### [Problem to work on]
Leaving out any pictures, print the entries that follow exactly as they stand.

### [Records excerpted from a collection]
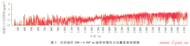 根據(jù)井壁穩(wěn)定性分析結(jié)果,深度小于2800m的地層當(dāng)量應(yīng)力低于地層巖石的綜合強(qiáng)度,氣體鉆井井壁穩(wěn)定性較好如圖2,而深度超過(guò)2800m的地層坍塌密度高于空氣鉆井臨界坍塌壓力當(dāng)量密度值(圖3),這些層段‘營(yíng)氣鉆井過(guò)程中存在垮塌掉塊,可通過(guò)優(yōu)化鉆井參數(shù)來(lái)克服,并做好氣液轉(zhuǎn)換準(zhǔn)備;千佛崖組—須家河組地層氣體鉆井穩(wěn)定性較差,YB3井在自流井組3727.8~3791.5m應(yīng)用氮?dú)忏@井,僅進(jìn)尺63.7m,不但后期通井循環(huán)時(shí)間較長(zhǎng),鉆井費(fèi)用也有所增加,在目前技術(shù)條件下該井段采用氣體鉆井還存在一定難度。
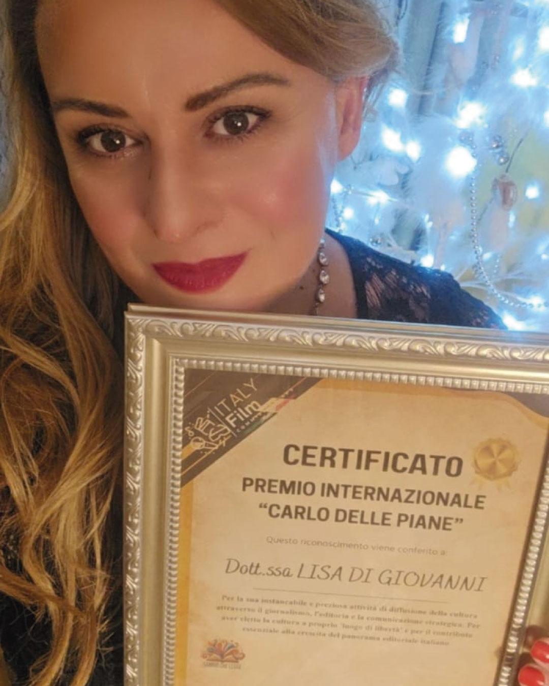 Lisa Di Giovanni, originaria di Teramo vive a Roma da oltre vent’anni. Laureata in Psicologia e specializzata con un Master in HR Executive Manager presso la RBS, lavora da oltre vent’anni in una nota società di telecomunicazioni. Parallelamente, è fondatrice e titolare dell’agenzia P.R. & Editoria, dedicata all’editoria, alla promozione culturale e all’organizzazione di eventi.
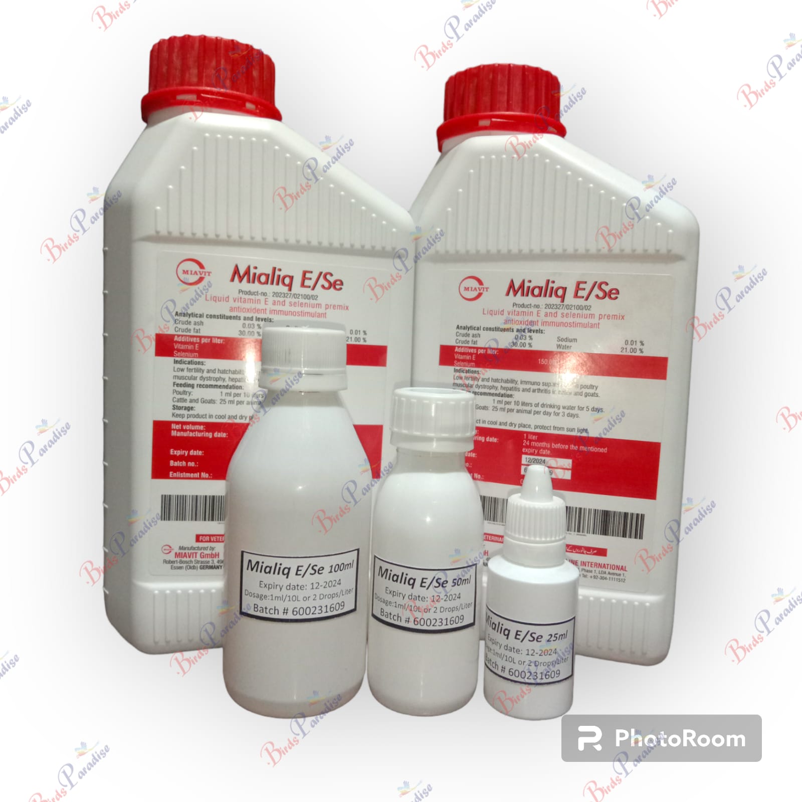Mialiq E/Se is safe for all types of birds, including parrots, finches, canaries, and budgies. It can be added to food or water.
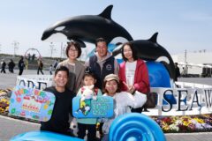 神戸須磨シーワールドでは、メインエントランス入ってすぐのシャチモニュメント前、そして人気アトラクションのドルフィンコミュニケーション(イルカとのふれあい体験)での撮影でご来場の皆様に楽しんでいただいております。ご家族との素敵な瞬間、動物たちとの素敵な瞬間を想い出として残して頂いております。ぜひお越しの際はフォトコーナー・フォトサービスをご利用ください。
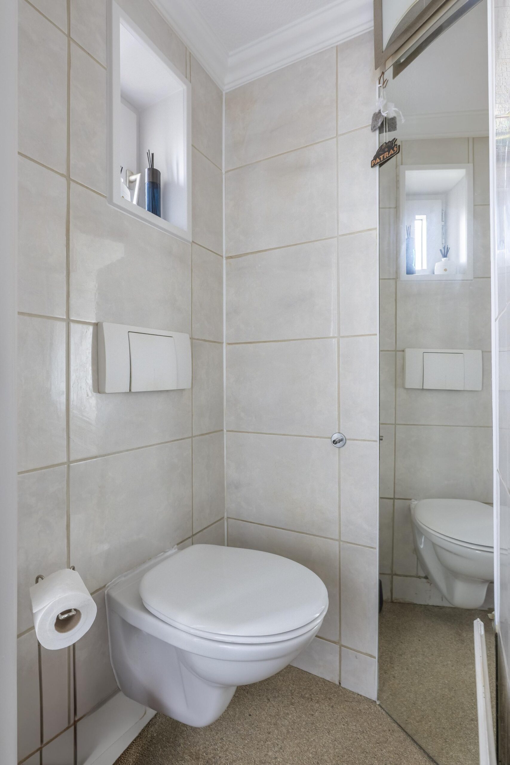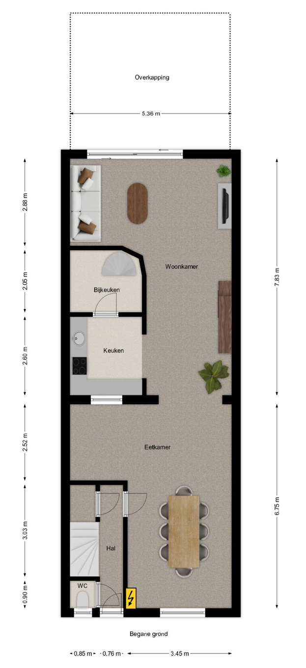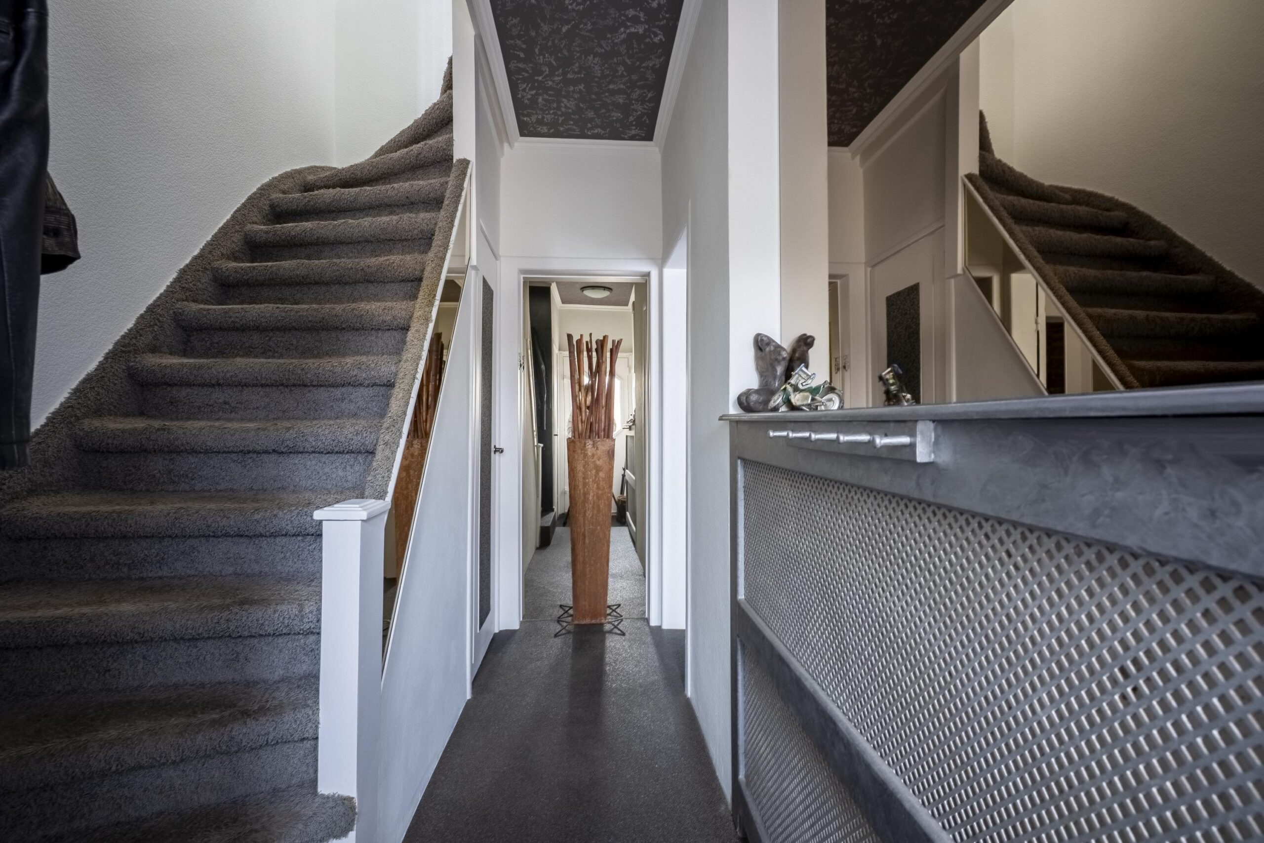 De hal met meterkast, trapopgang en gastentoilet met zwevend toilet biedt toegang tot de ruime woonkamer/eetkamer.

### [Result below]
 根據(jù)井壁穩(wěn)定性分析結(jié)果,深度小于2800m的地層當(dāng)量應(yīng)力低于地層巖石的綜合強(qiáng)度,氣體鉆井井壁穩(wěn)定性較好如圖2,而深度超過(guò)2800m的地層坍塌密度高于空氣鉆井臨界坍塌壓力當(dāng)量密度值(圖3),這些層段‘營(yíng)氣鉆井過(guò)程中存在垮塌掉塊,可通過(guò)優(yōu)化鉆井參數(shù)來(lái)克服,并做好氣液轉(zhuǎn)換準(zhǔn)備;千佛崖組—須家河組地層氣體鉆井穩(wěn)定性較差,YB3井在自流井組3727.8~3791.5m應(yīng)用氮?dú)忏@井,僅進(jìn)尺63.7m,不但后期通井循環(huán)時(shí)間較長(zhǎng),鉆井費(fèi)用也有所增加,在目前技術(shù)條件下該井段采用氣體鉆井還存在一定難度。
 Lisa Di Giovanni, originaria di Teramo vive a Roma da oltre vent’anni. Laureata in Psicologia e specializzata con un Master in HR Executive Manager presso la RBS, lavora da oltre vent’anni in una nota società di telecomunicazioni. Parallelamente, è fondatrice e titolare dell’agenzia P.R. & Editoria, dedicata all’editoria, alla promozione culturale e all’organizzazione di eventi.
Mialiq E/Se is safe for all types of birds, including parrots, finches, canaries, and budgies. It can be added to food or water.
 神戸須磨シーワールドでは、メインエントランス入ってすぐのシャチモニュメント前、そして人気アトラクションのドルフィンコミュニケーション(イルカとのふれあい体験)での撮影でご来場の皆様に楽しんでいただいております。ご家族との素敵な瞬間、動物たちとの素敵な瞬間を想い出として残して頂いております。ぜひお越しの際はフォトコーナー・フォトサービスをご利用ください。
 De hal met meterkast, trapopgang en gastentoilet met zwevend toilet biedt toegang tot de ruime woonkamer/eetkamer.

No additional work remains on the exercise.